Crime statistics are notoriously complex, and open to multiple interpretations. It’s difficult for criminologists and data scientists to get a grasp on whether crime is going up or down in a particular area, let alone politicians and journalists.
However, it is difficult to know the crime rate for a congressional district – crime data generally isn’t recorded, published or analyzed based on congressional boundaries. But there are general statistics that can be used to paint a broad picture.
The Federal Bureau of Investigation collects crime statistics from city, county and state law enforcement agencies through the national Uniform Crime Reports program, which was most recently updated last year to reflect numbers through 2015.
An Atlanta Journal-Constitution analysis of that data found Atlanta’s violent crime rate -- 1,120 crimes per 100,000 residents -- landed Atlanta at No. 14 nationally among cities with populations of more than 200,000. However, the analysis also found that not all major American cities had data in the report -- for instance, Charlotte, N.C., often cited as one of Atlanta’s closest rivals, was not included, nor were New York City or Cleveland, Ohio.
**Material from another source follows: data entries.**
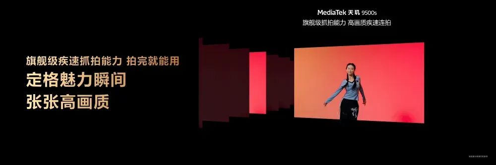 天玑 9500s搭载先进的MediaTek Imagiq影像处理器,支持实时 30 帧运动追焦和 8K 全焦段杜比视界 HDR视频录制,视频创作者可轻松捕捉清晰、生动的视频画面。还支持杰出的抓拍和降噪技术,带来既快又清晰的旗舰拍照体验。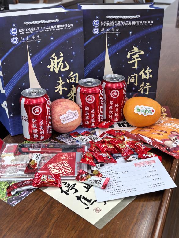 慰问团队不仅带来了公司的关怀,还特意准备了丰富的温暖礼包,礼包由中航工业集团哈飞公司赞助,包括文具套装、院风院训定制可乐、水果、暖身贴、零食等物品,寓意着“苹”稳上岸、心想事“橙”、温“暖”守护、妙“笔”生花。礼包内还放置了公司师生的祝福明信片,每一份礼物都寄托着公司、哈飞对学子们深切的祝福与支持。收到礼包的同学纷纷表示,这份冬日里的惊喜让他们倍感温暖,也更加坚定了前行的信心。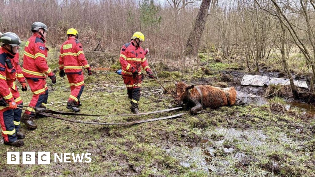 Cow pulled to safety after getting stuck in mud
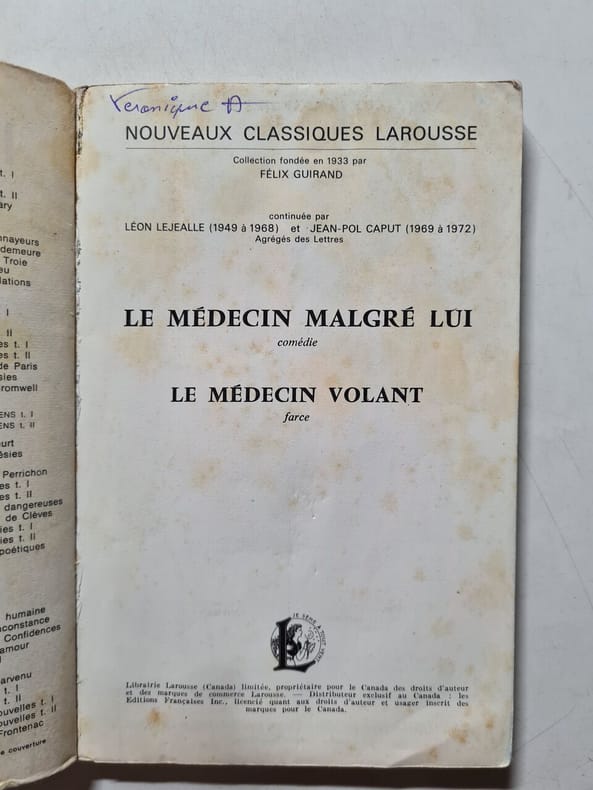 Editions Larousse 1971 1971. Molière: le médecin malgré lui le médecin volant/ Nouveaux Classique Larousse 1971 . Molière: le médecin malgré lui le médecin volant/ Nouveaux Classique Larousse 1971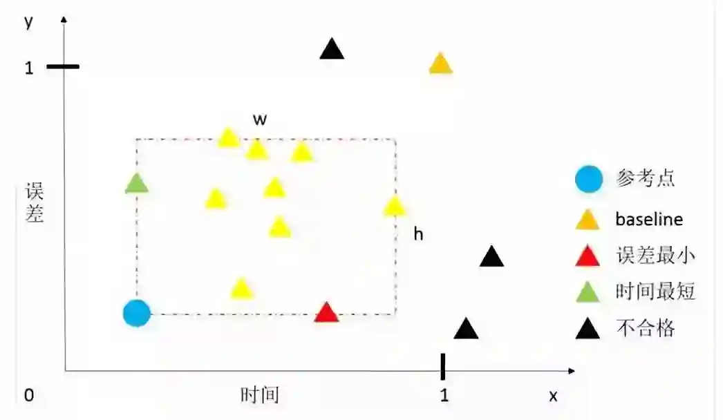 时间和误差会根据基准成绩归一化到 0-1 之间。在有效成绩中,会找出最小误差和最短时间的两个成绩(绿色三角形和红色三角形),最小误差和最短时间会组成一个参考点(蓝色圆圈)。最终所有的有效成绩都会和参考点计算距离,距离最短的方法视为优胜。从评测方法分析,时间和精度都是很重要的因素。而时间和精度往往是矛盾的,所以必须进行一定的取舍。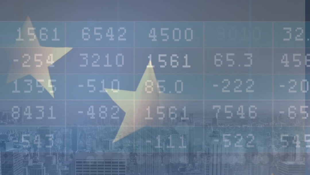 This visual portrays the concept of global economic interconnections and data processing with EU elements overlaid with a cityscape. Useful for illustrating themes of international trade, financial market dynamics, economic policies, and futuristic business contexts. Suitable for presentations, reports, or educational material focusing on global economics and technology.
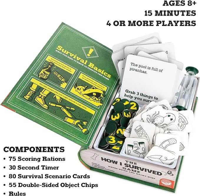 - Includes: 55 double-sided object chips, 80 survival scenario cards, 75 scoring rations, 30-second timer and instructions. For 4 or more players.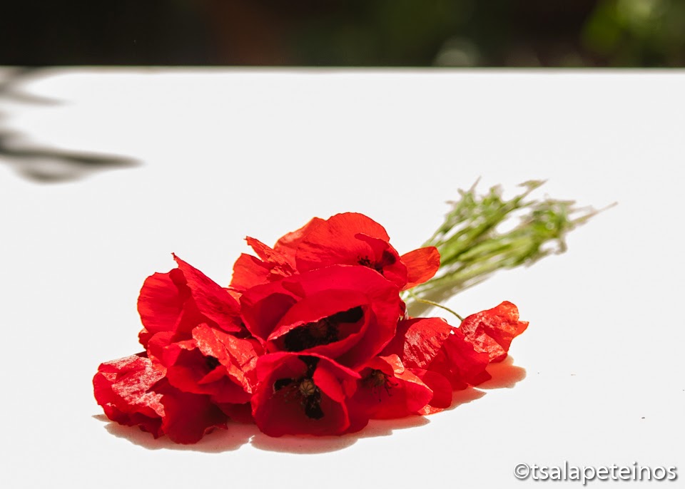 Τέλος προσθέτουμε με τον ίδιο τρόπο, προσεκτικά τις παπαρούνες που είναι πιο ευαίσθητες.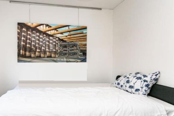 Via de entree betreed je de ruime woon- en eetkamer, ingericht met een mix van moderne en vintage elementen. De keuken is volledig uitgerust met een koelkast, oven, kookplaat en afzuigkap. Het slaapgedeelte, rustig gelegen aan de achterzijde van het appartement, beschikt over een tweepersoonsbed. De badkamer is voorzien van een inloopdouche, wastafel met spiegel en toilet. Tevens is er een wasmachine aanwezig.
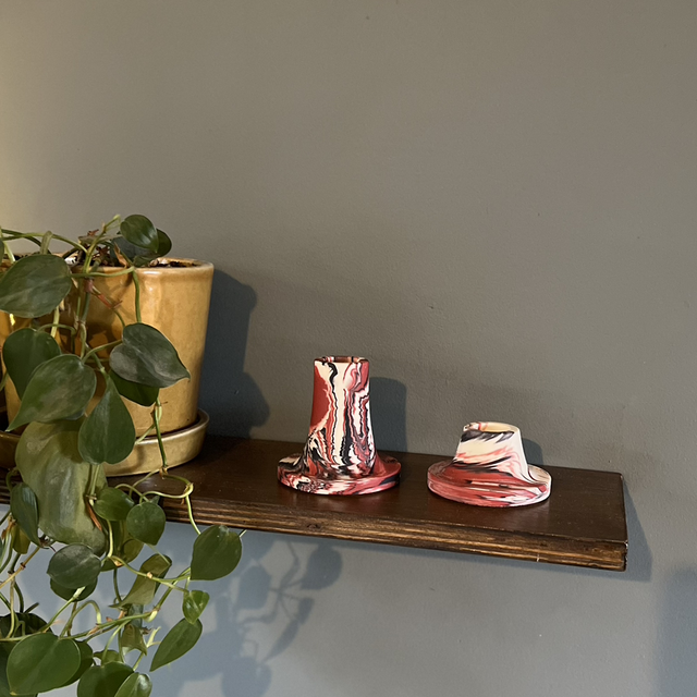 Dark blue and dark red marbled with white in a curved candlestick. Pictured with matching short candlestick.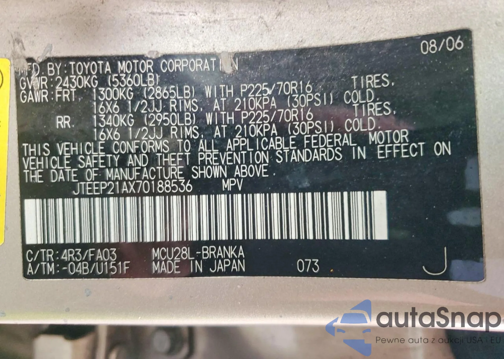 VIN: JTEEP21AX70188536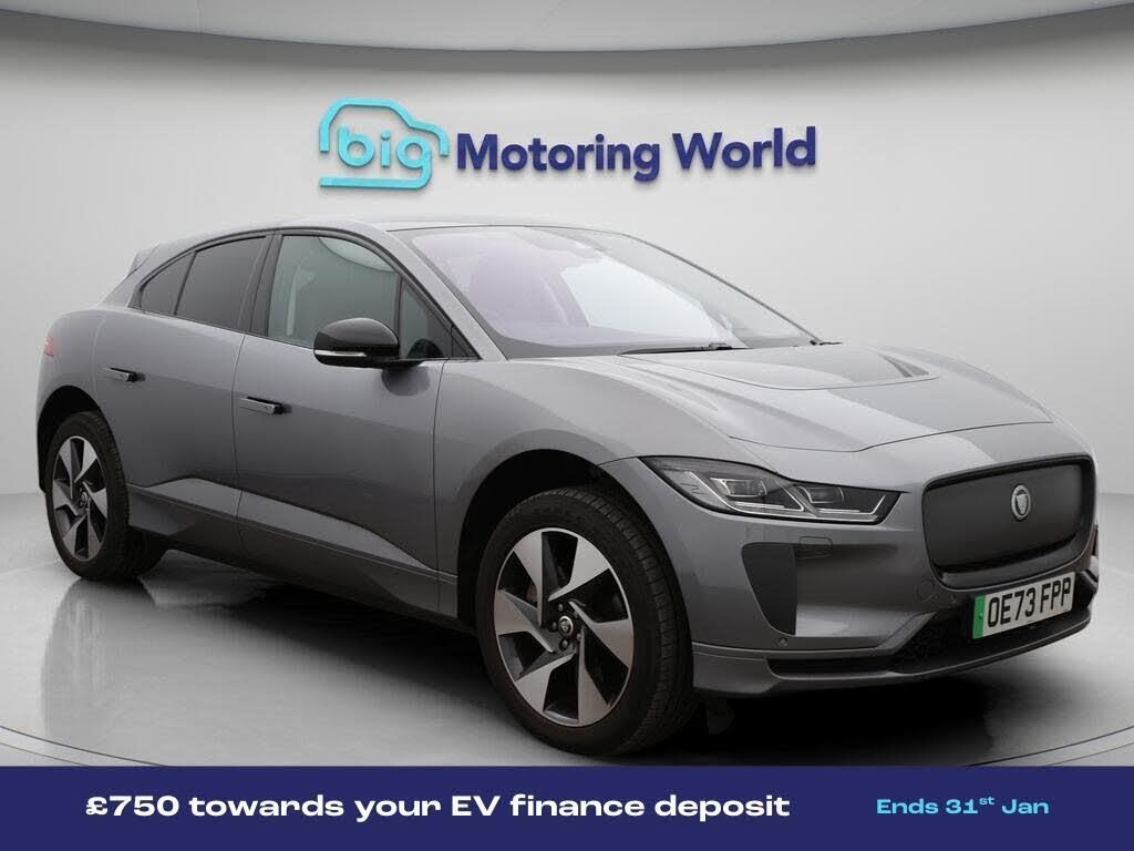 £750 towards your finance depo-Our Jaguar I-PACE is finished in Grey. Specification includes a range of fantastic features including £750 towards your finance deposit, All Wheel Drive, Panoramic Roof, Head up Display, Leather Seats, Apple CarPlay, Meridian Speakers, Lane Assist, Android Auto, Privacy Glass Specification information is supplied by CAPHPI and may vary to the actual car. This data does not form any part of a buying contact. Please check specification prior to purchase in-store. The MOT is valid until October 2026, visit bigmotoringworld.co.uk for more photos, a 360 tour, service history and a free HPI report.Were BIG on peace of mind and this Grey Jaguar I-PACE has completed our comprehensive 200 point inspection and passed all checks. Its ready for you to drive away with immediate collection in-store. We include a 90-day warranty as standard plus an option to extend for up to 3 years.Reserve this car exclusively for you, safely and securely at bigmotoringworld.co.uk, with a fully refundable £99 deposit. Test drive before you buy, with no commitment, no hassle and a completely haggle free experience. Still searching and want to see thousands more cars? We are BIG on choice with over 8000 cars to choose from.Visit our award winning web site bigmotoringworld.co.uk.Were Big Motoring World and were BIG on what matters to you.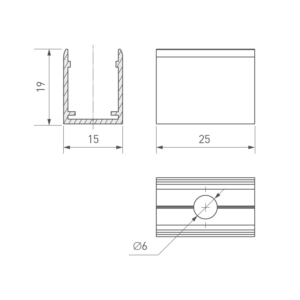 Клипса из анодированного алюминия для гибкого неона MOONLIGHT сечения 17х12мм. Длина 25 мм.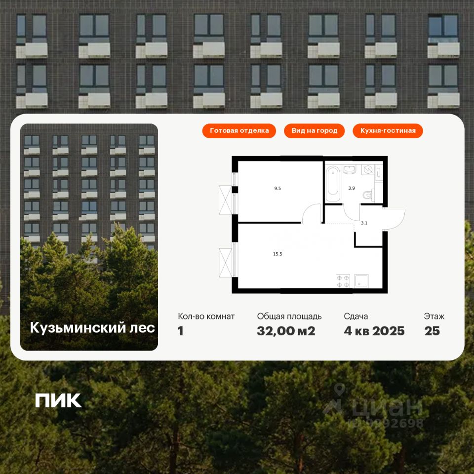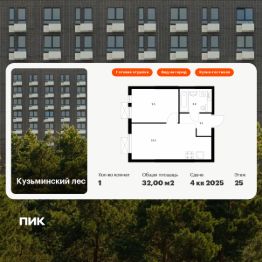 Продаётся 1-комн. квартира площадью 32 кв.м на 25 этаже 25 этажного дома (Корпус 9, Секция 1) проекта ПИК Кузьминский лес. Светлый просторный подъезд на уровне земли, функциональная планировка, большие окна, c отделкой.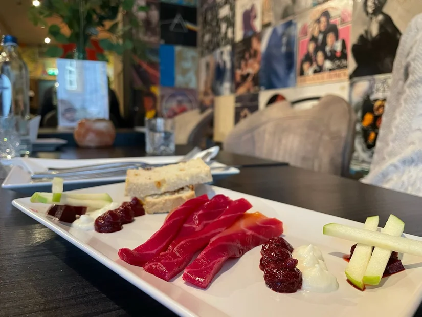 Daarna kregen we een proeverij die de chef had samengesteld, gebaseerd op het dinermenu. Deze bestond uit verse zalm, met rode biet en frisse appelstukjes; ideaal na de toch wel zwaar vallende gerechten hiervoor.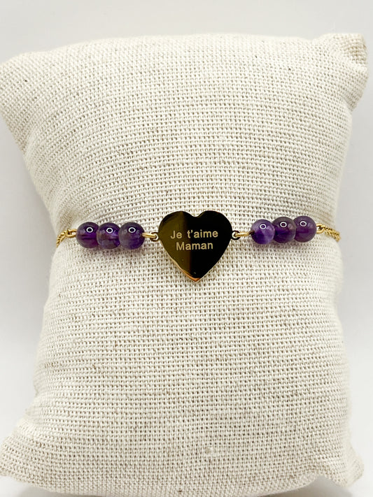 Bracelet Fête des Mères – Améthyste Naturelle & Acier Doré – Cadeau Émotionnel Maman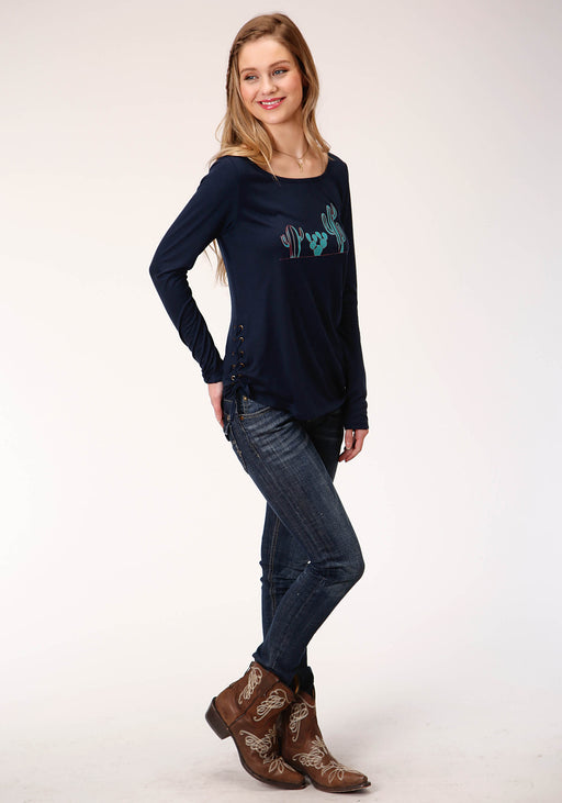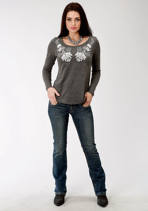 RoperWomen's Grey Jersey Long Sleeve Tee * Side Accent Ties * Screen Print Decoration * Garment Washed For SoftnessRoper, Five Star, NOVELTY/APPLIQUE/EM...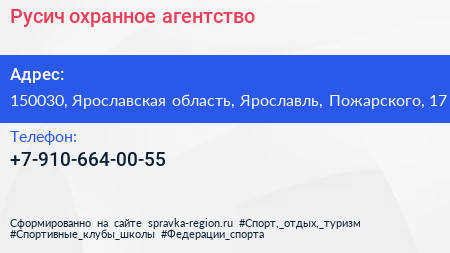 Русич, охранное агентство по адресу 150030, Ярославская область, Ярославль, Пожарского, 17 в дальнейшем Организация, размещена в следующих категориях: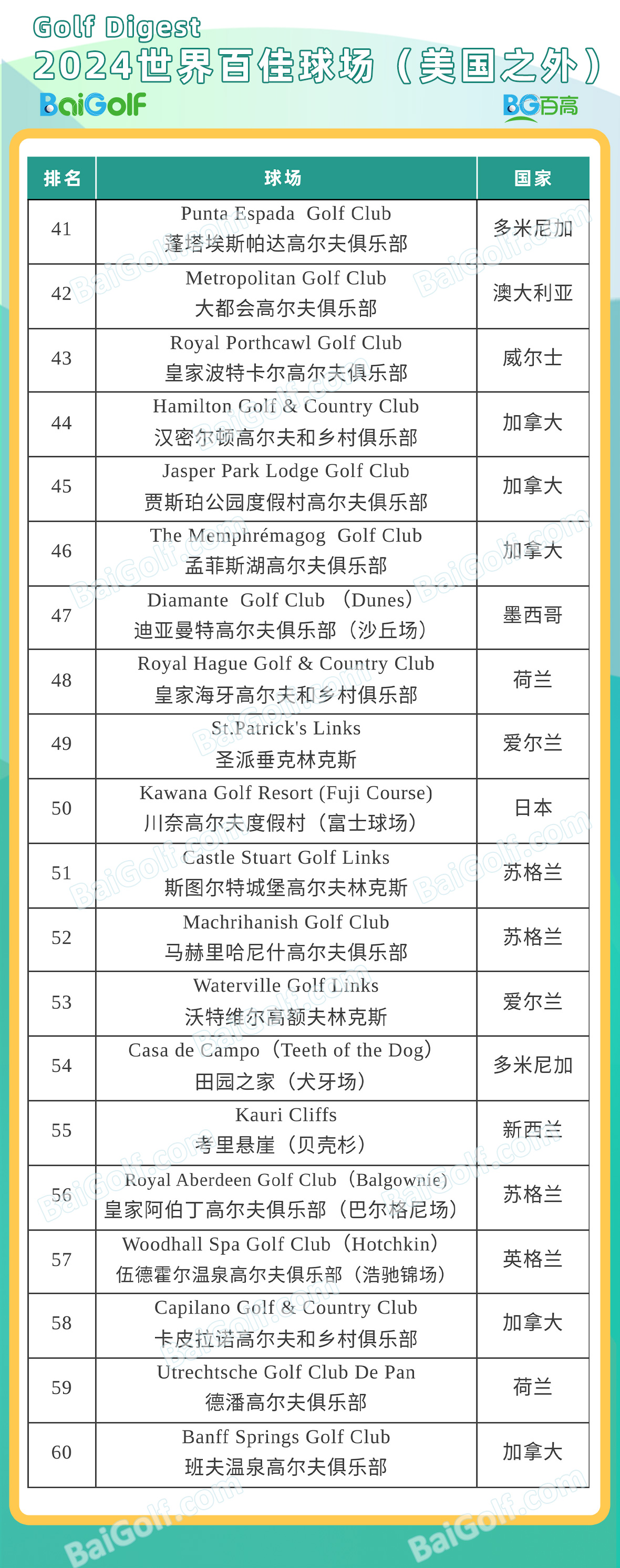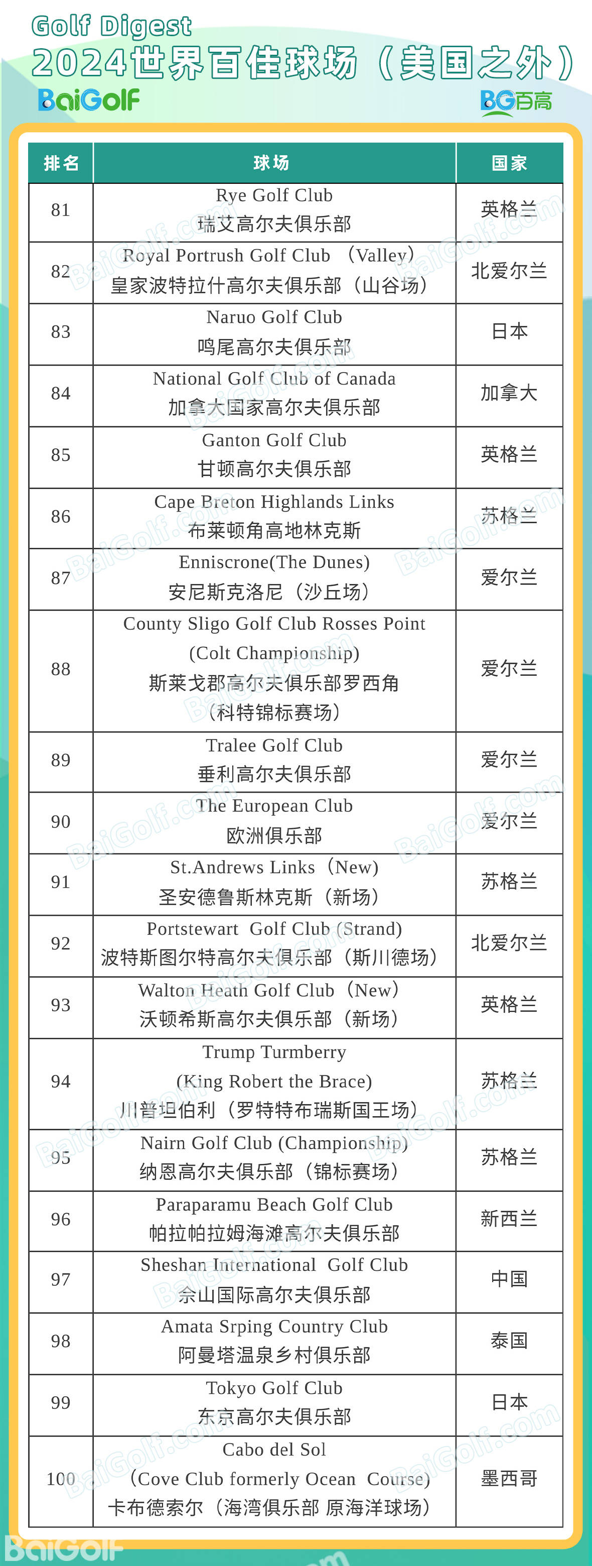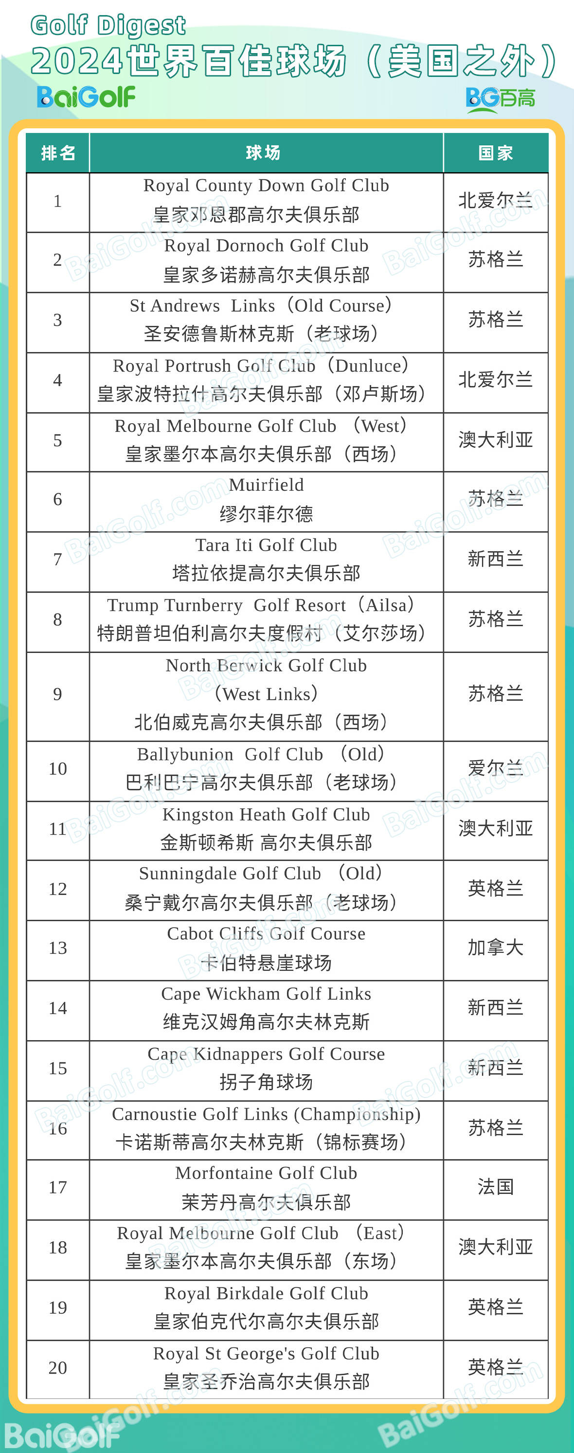 排名数据:GolfDigest World's 100 Greatest Golf Courses 2024-2025

While overall crime in Atlanta has been down, according to statistics cited by the Atlanta Police Department, Mayor Kasim Reed spoke last summer of a spike in the number of homicides and announced the creation of a gun violence task force.
But the rise in homicides in Atlanta mirrors a national trend in major cities across the country, and a New York Times analysis last year showed major jumps in murder rates in 25 of America's 100 biggest cities. Atlanta was not one of the 25.
The larger Atlanta area had a rate of 401 violent crimes per 100,000 population. However, that statistic included the entire Atlanta metropolitan statistical area, which includes not just Fulton but more than two dozen surrounding counties as well.
The rate of 401 puts Atlanta would be similar to that of the Clarksville, Tenn., area which had a rate of 405. That's higher than the rate of the Dallas-Fort Worth area (338) but lower than those of Kansas City (536), Columbia, S.C. (651) and Columbus, Ga. (469). The national rate was 373.
CORRECTION: The crime statistics for the city of Atlanta were described incorrectly in the original version of this story. It has been updated to reflect the corrected ratios. The newspaper regrets the error.